Wednesday, May 16, 2007
Looking Inside, Outside and Upward, Too
Even after, like, forever, I'm still blown away by what you can hear when you get quiet.
Remember how I was all bummed/fuming/disappointed because our time of moving to Richmond was, once again, moved-back-and-who-knows-but-it-just-may-be-moved-farther-back-again?
Well, once I returned to calm, God started trickling down ideas into my head. Fun ideas, even. Besides the ones I told you, He's now suggesting I try living a different, new way inside this same, old house.
What a wild concept!
I mean, already it feels downright odd/strange/unfamiliar to this procrastinator extraordinaire to have actually completed(!) certain projects which have nagged, "Hey you--finish me!" for years. Imagine--painting walls and decluttering and washing the top inside parts of the front porch weeks early-- and not scurrying all out-of-breath mere seconds before potential buyers drive up with the realtor.
Initially, I think that's what spun my head around. Being nearly caught-up felt so foreign, so unfamiliar, that I slipped into a sort-of Twilight Zone place. Or something. And now I'm considering just how cool it could be--in our next house--to begin our years there living this new way... this way of finishing the projects I start. (Wow, dare I dream?)
Other things I'm hearing: If I want a larger yard in Richmond, I need to take better care of this postage-sized one in Buffalo... And too, how--after having finished tasks around my house--now I have more time for our neighbors--and letting God help me over my shyness with them (a weakness of mine). And more: Now Tom and I have months to visit the sites/shops/museums around here which we've procrastinated (hmmm...notice a theme here?) visiting for 14 years... brand-new-places-to-us to experience in this same ol', same ol' area of ours.

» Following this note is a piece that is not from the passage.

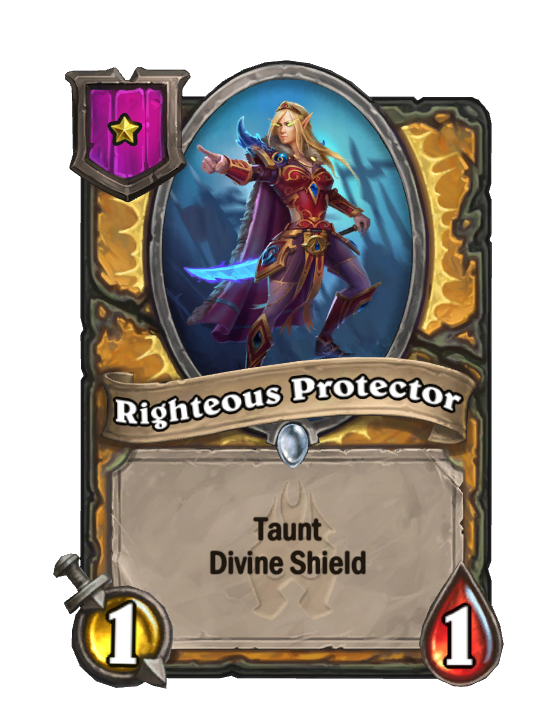Righteous Protector is a Tier 1 Minion in Hearthstone Battlegrounds with 1/1 stats featuring Taunt, Divine Shield. Effect: Taunt Divine Shield. This card is no longer in the pool (Legacy).

And so the list goes and grows... It's true just as the Bible says:
"See, I am doing a new thing!
Now it springs up; do you not perceive it?" ... Isaiah 43:19
God is so unboring, so beyond-belief creative, that the best of Real Life too often flies past us way over our heads while we, like most regular ol' folks, are caught hanging our heads, looking downward or inward only--staring solely where others have stared before... the rutted places ... the same ol' tried-but-not-always-true places...
... and since God is doing a new thing, it remains up to me to look up and see it--to open my eyes to the redemption which draws nigh...and is always much, much nearer than I believe it to be.